The news has certainly received a positive response. Peter Daykin, who has been heavily involved on behalf of the Football Supporters’ Federation (FSF), tweeted: “Great news from Tracey Crouch about the review into standing at football.” He thanked MPs Alex Norris, for his help with the FSF, and Dr Rosena Allin-Khan, for her work on the issue, and added: “We look forward to being involved in the review and helping to move things forward.”

It was similar from Jon Darch, a Bristol City fan and prominent campaigner through the Safe Standing Roadshow, and what about Owen Riches who could become the Jean-Marc Bosman of safe standing. It was the 16-year-old Owen, an Ipswich season ticket holder, who started the Parliamentary petition which brought about the debate.
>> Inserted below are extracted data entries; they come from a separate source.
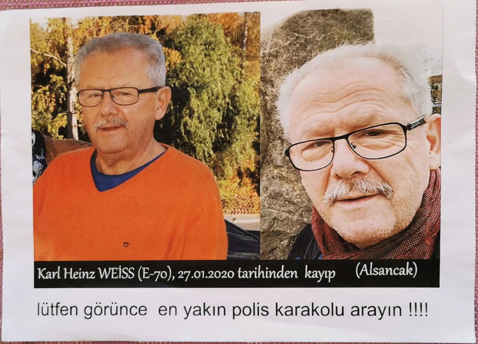 Kuzey Kıbrıs Türk Cumhuriyeti'ne (KKTC) geçtiğimiz 24 Ocak'ta tur kafilesiyle gelen 69 yaşındaki Alman turist Karl Heinz Weiss'den 27 Ocak'tan bu yana haber alınmıyor. 27 Ocak'ta Girne'ye bağlı Alsancak köyünde bulunan Riverside tatil köyünde arkadaşlarıyla akşam yemeği yiyen Weiss'in daha sonra kayıplara karıştığı belirtildi. Weiss'in hayatından endişe eden oğlu Lars Laufer ise babasını bulmak için özel bir rehber eşliğinde KKTC'ye gelip yetkililerden yardım istedi. Alman turistin oğlu ayrıca, babasını görenlere seslenerek polise ihbarda bulunmalarını istedi.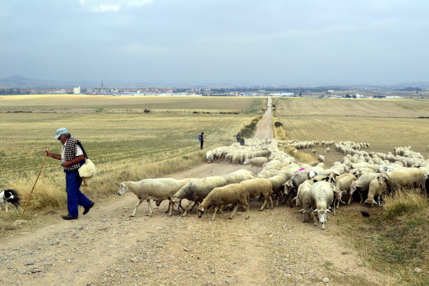 おっと、また羊の群れだ。餌になるものといっても、さて、何があるのだろう。立ち枯れた路傍の草、それに刈り取られた小麦の、根本から15センチほど残された茎ぐらいか。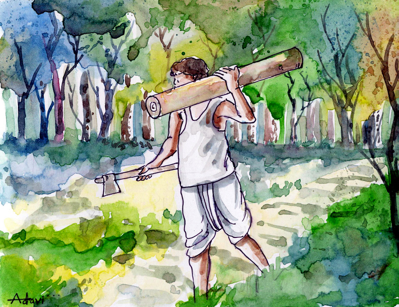 ఒక పట్టణంలో మంచి వడ్రంగి ఒకడు ఉండేవాడు. అతను అవసరం పడ్డప్పుడల్లా అడవికి వెళ్లి, తన పనికి సరిపోయే చెట్టును నరికి, స్తంభం మాదిరి చెక్కి, ఊరికి తీసుకు వచ్చి, దానితో రక రకాల వస్తువులు చేసి, అమ్ముకొని జీవిస్తూ ఉండేవాడు.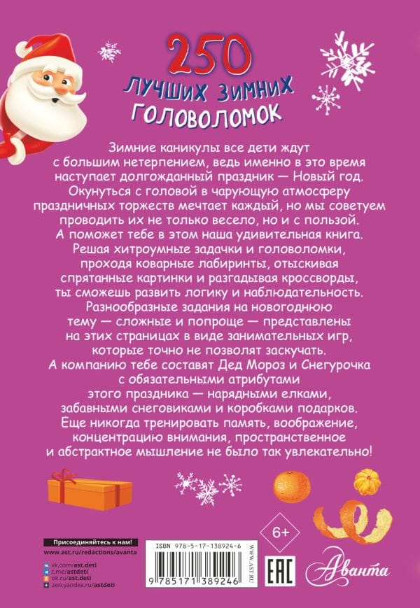 The book "250 Best Winter Puzzles" differs from other editions of this series, because it is prepared for the New Year, and this is the most favorite holiday for children of any age. They are waiting for it very much, preparing for it, making gifts to their loved ones and, of course, receiving them themselves. On these pages the children are offered a variety of exciting tasks: to look for lost objects in unusual pictures, to find the way out of confusing mazes, to show the differences between seemingly identical pictures, to solve puzzles and math problems. And all this is presented in the form of funny winter games in the company of the main character of the New Year - Santa Claus. We are sure: the book will not only help children to develop logic, attention, memory and thinking, but also create a festive mood. Spend your winter vacation in a fun and useful way!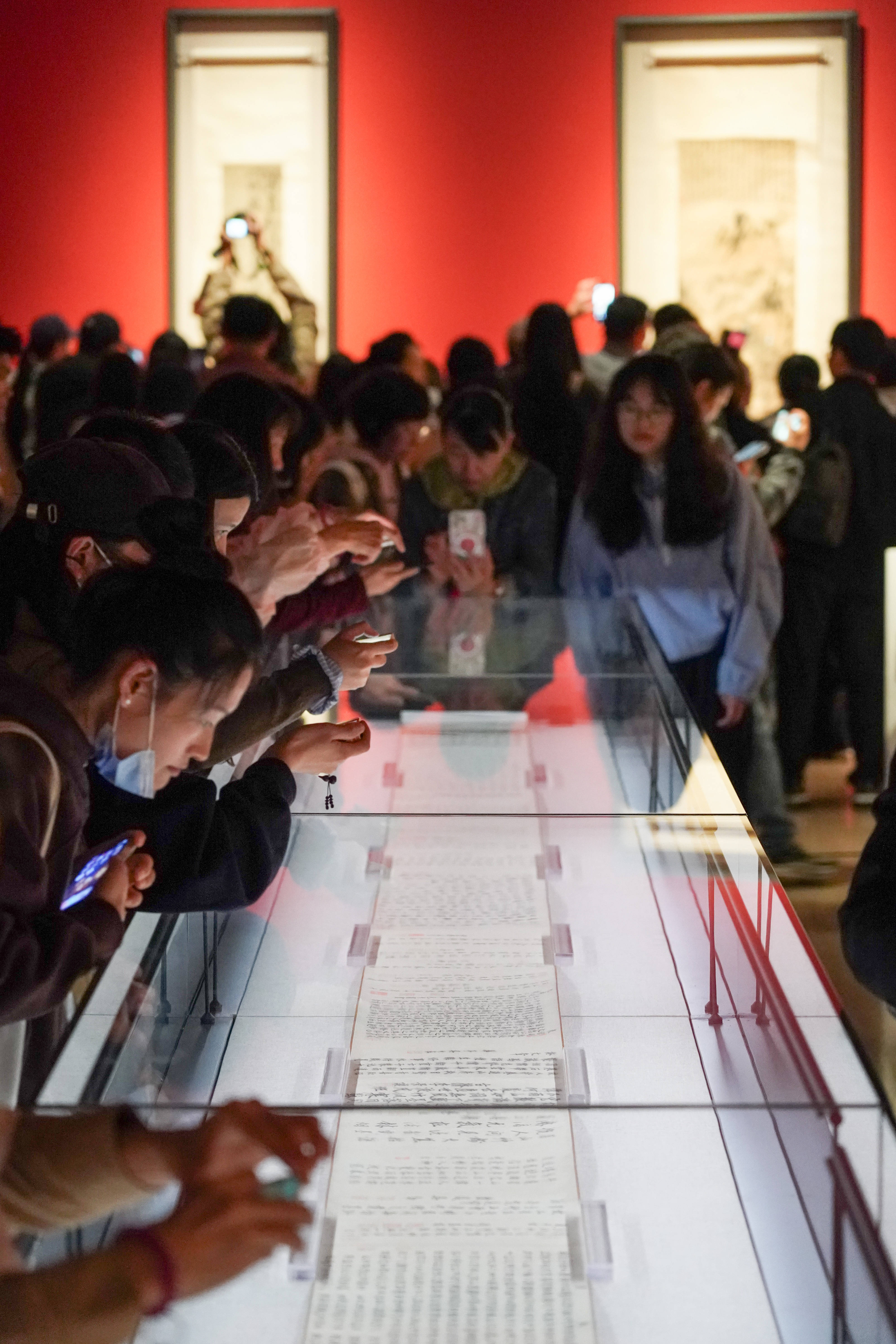 这是“贵在意·致敬经典——全国写意美术作品展”的最后一个展览日。从10月1日至8日,中国美术馆将每日开放时间延长至晚上8点,并在夜场时段新增2000个预约名额。展览中,苏轼的传世名作《潇湘竹石图》与八大山人《荷花》、石涛《江干访友图》、郑板桥《兰竹图》、黄宾虹《万松烟霭》、徐悲鸿《奔马》等名家珍品悉数亮相。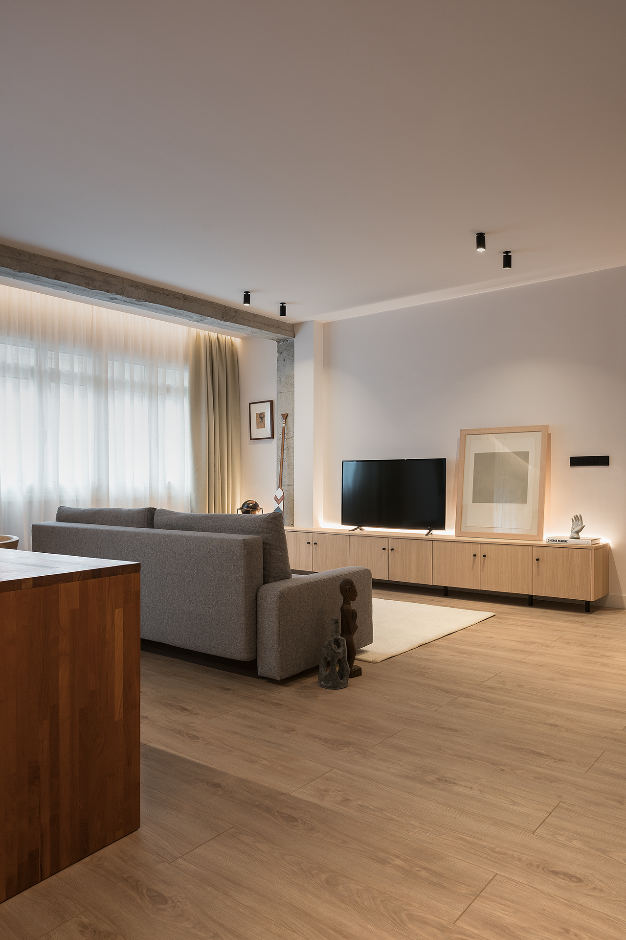 콘크리트 빔과 커튼 레일에는 간접 조명이 배치되었으며, 모든 가구 요소에도 조명을 통합시켜 깔끔한 공간을 연출했다. 일반 조명은 천장 마감에 매입되어서 공간에 은은한 빛을 더하며, 클라이언트가 소장한 예술 작품에 초점을 맞췄다. 이 아파트는 미니멀한 디자인 안에서 가족의 생활 방식과 예술적 감각이 조화를 이루며, 단순함과 우아함을 동시에 갖춘 공간으로 완성됐다.

Over 112,000 signed his petition, it was backed by a number of Football League clubs and then the Labour Party.

When, and I do believe it is when and not if, safe standing is permitted in the Premier League and Championship, a lot of football supporters will owe Owen a great debt of gratitude.

Burnley FC Supporters Groups and Up the Clarets have already pledged to work with the Burnley MP on the issue and will continue to push for safe standing in the top two divisions including Turf Moor.

It’s certainly been a very positive week for those who believe that football supporters in the top two divisions should be given the choice – to sit or stand.

The photographs accompanying this article show the banner displayed by Crystal Palace fans after Tracey Crouch refused West Brom permission to trial safe standing, and work underway at Shrewsbury with the installation of rail seating.